Task instructions. Your answer must be the full listing below, repeated exactly, with no pictures in it.

Supplied material.
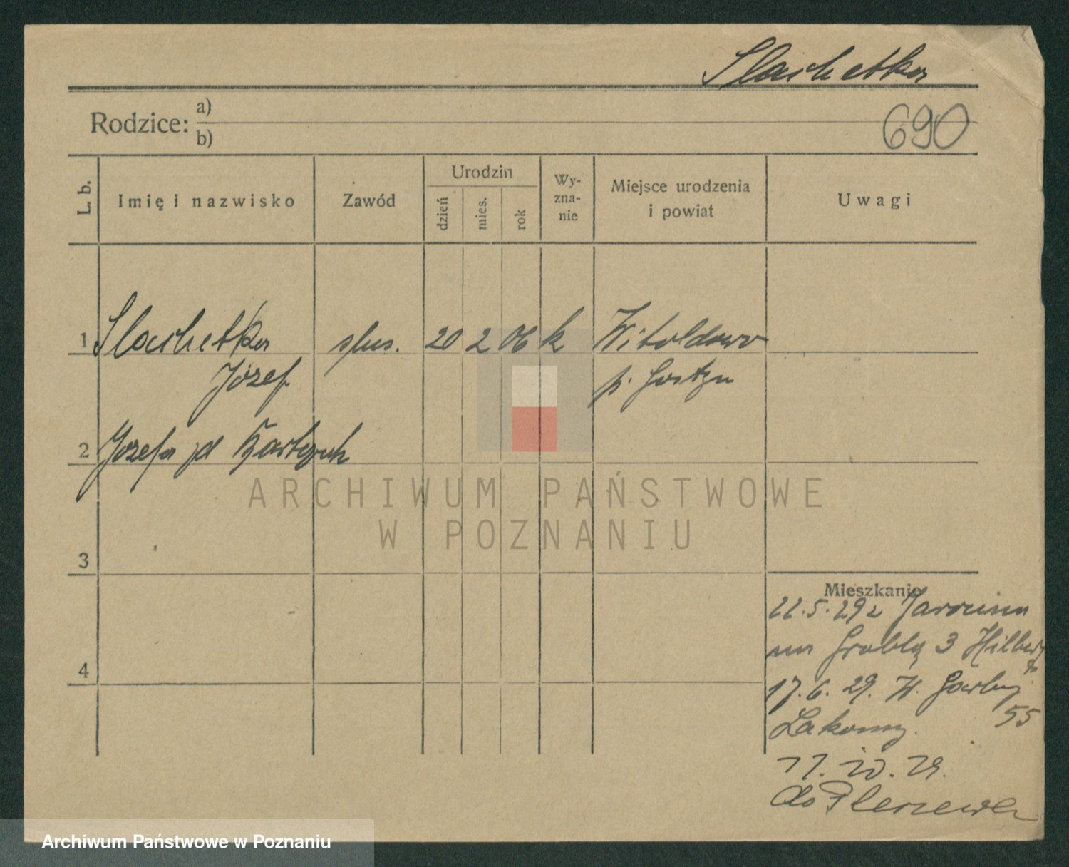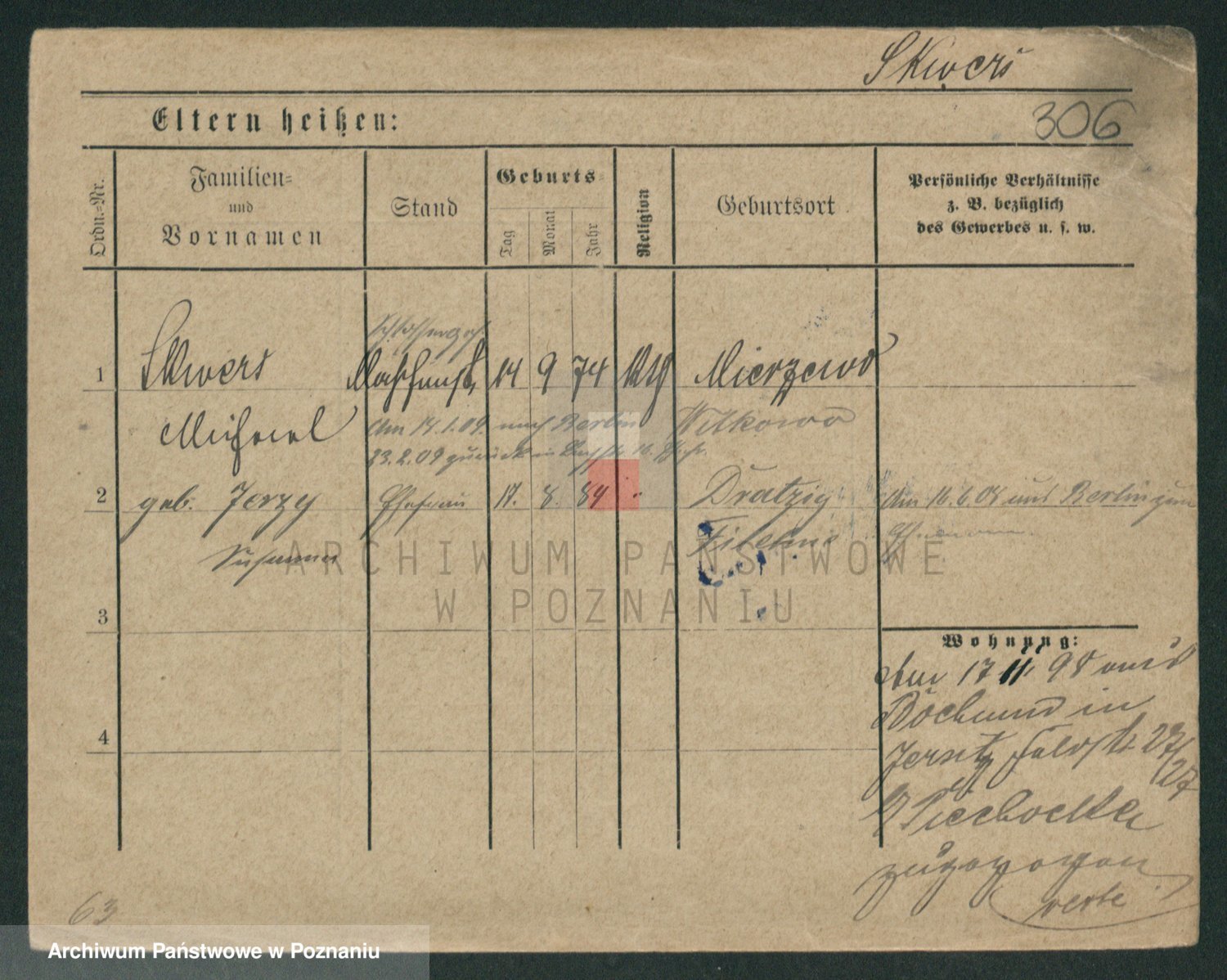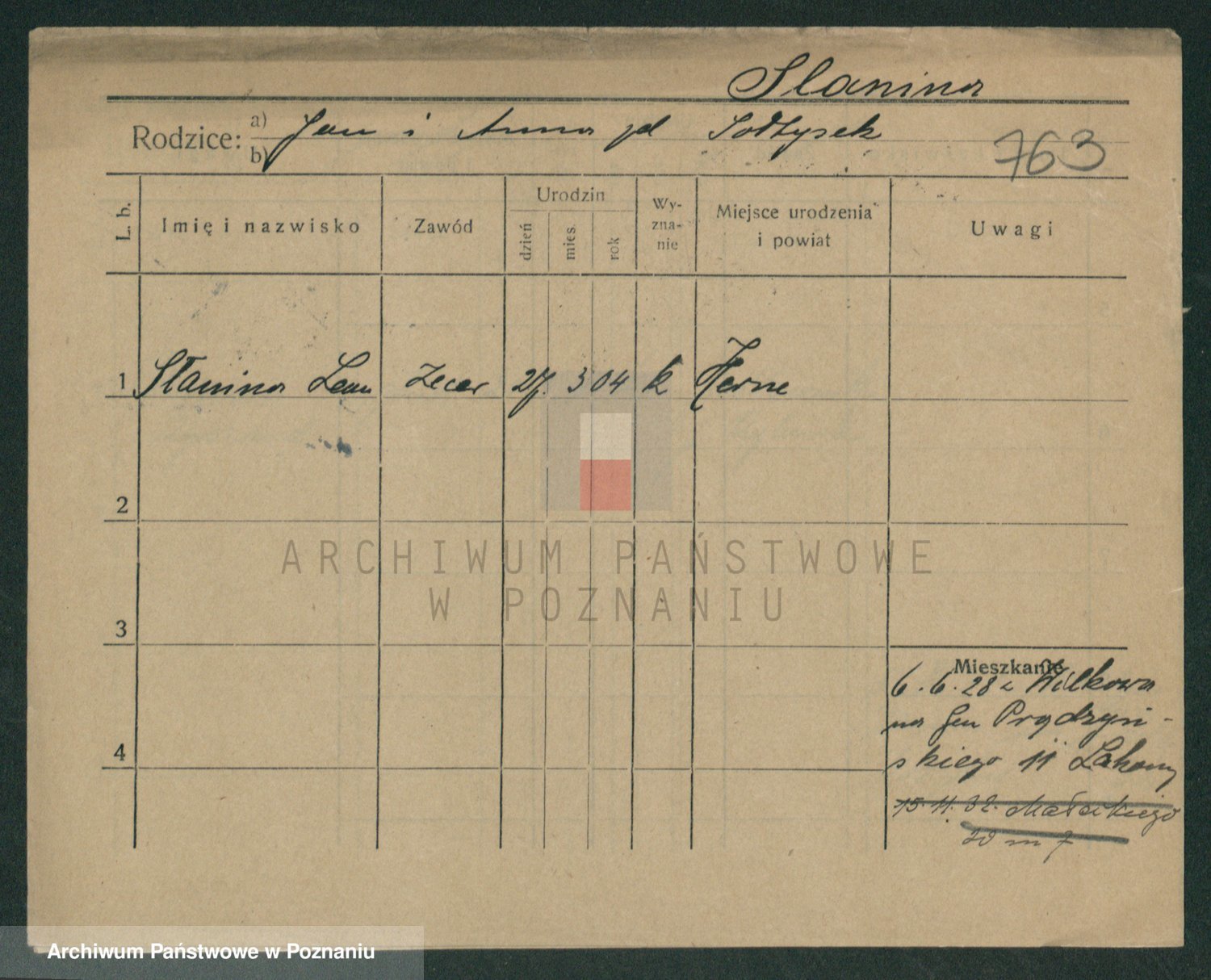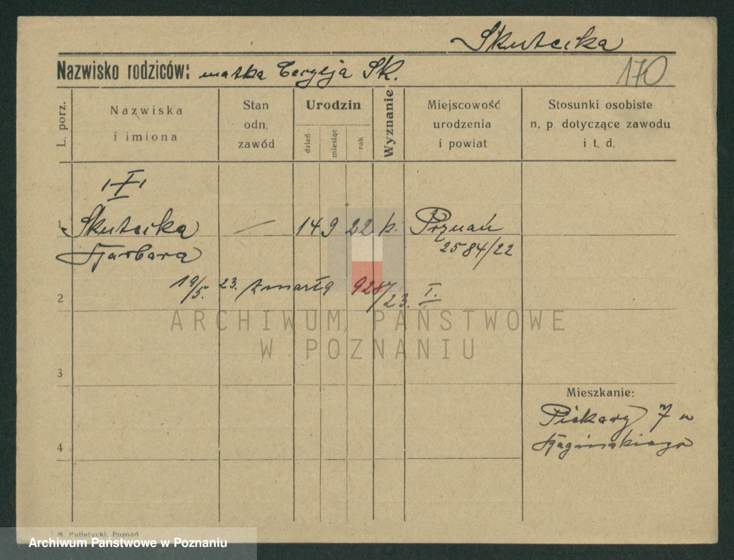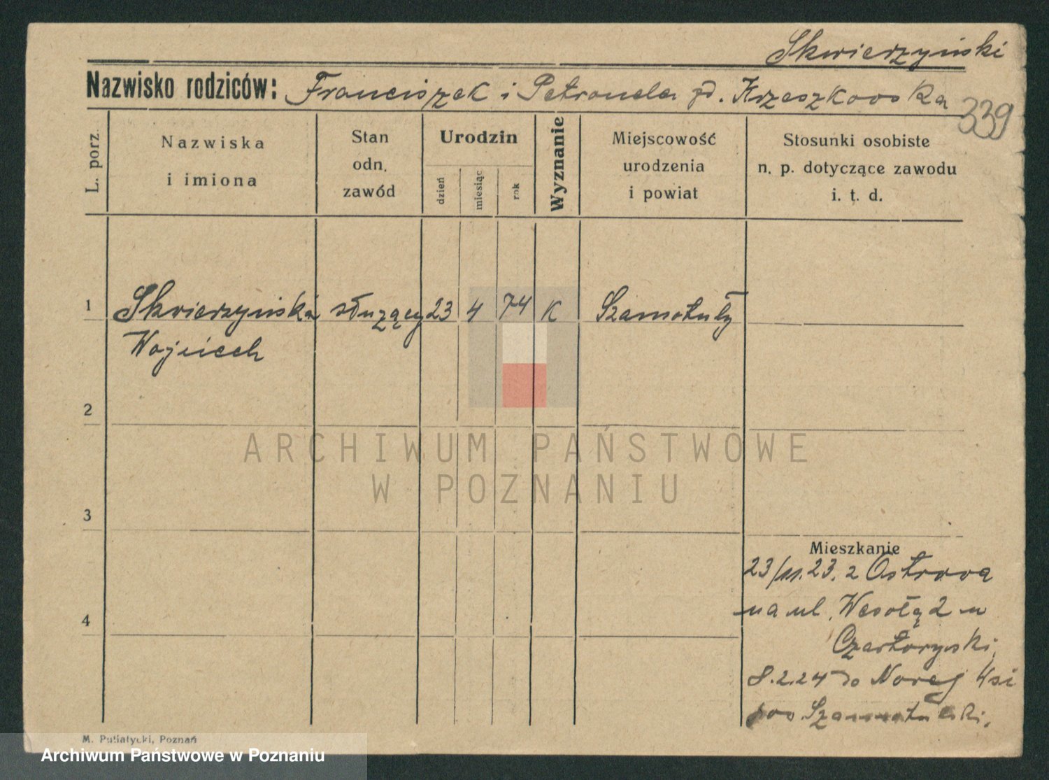 Podgląd karty osobowej dostępny jest po kliknięciu na nazwisko lub ikonkę karty. Można dokonywać powiększenia (ikony na górze) lub przechodzić między kolejnymi skanami (strzałki po bokach).
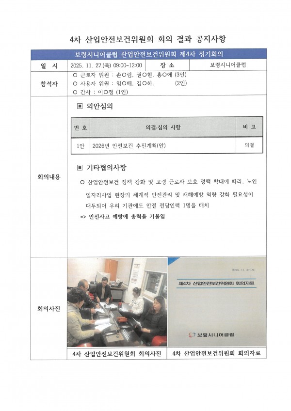 2025년 4차 산업안전보건위원회 회의 결과를 알립니다.
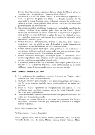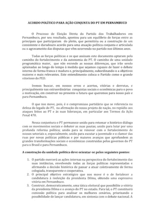 Íntegra do acordo interno do PT lançado nesta sexta-feira (22), que prega a unidade da sigla em Pernambuco.
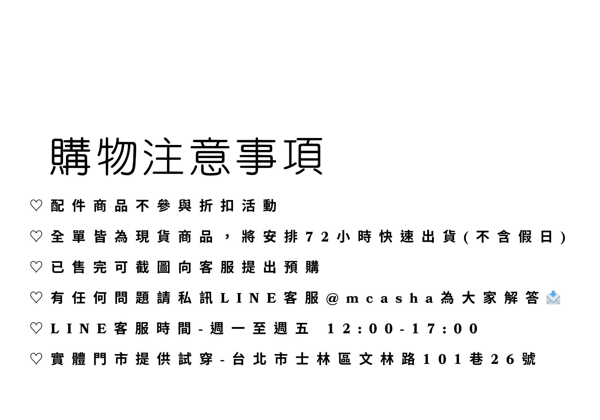 現貨售完後,如要「預購」請洽官方LINE-@mcasha...

Exercise output.
 Podgląd karty osobowej dostępny jest po kliknięciu na nazwisko lub ikonkę karty. Można dokonywać powiększenia (ikony na górze) lub przechodzić między kolejnymi skanami (strzałki po bokach).
 2025년 4차 산업안전보건위원회 회의 결과를 알립니다.
 Íntegra do acordo interno do PT lançado nesta sexta-feira (22), que prega a unidade da sigla em Pernambuco.
 現貨售完後,如要「預購」請洽官方LINE-@mcasha...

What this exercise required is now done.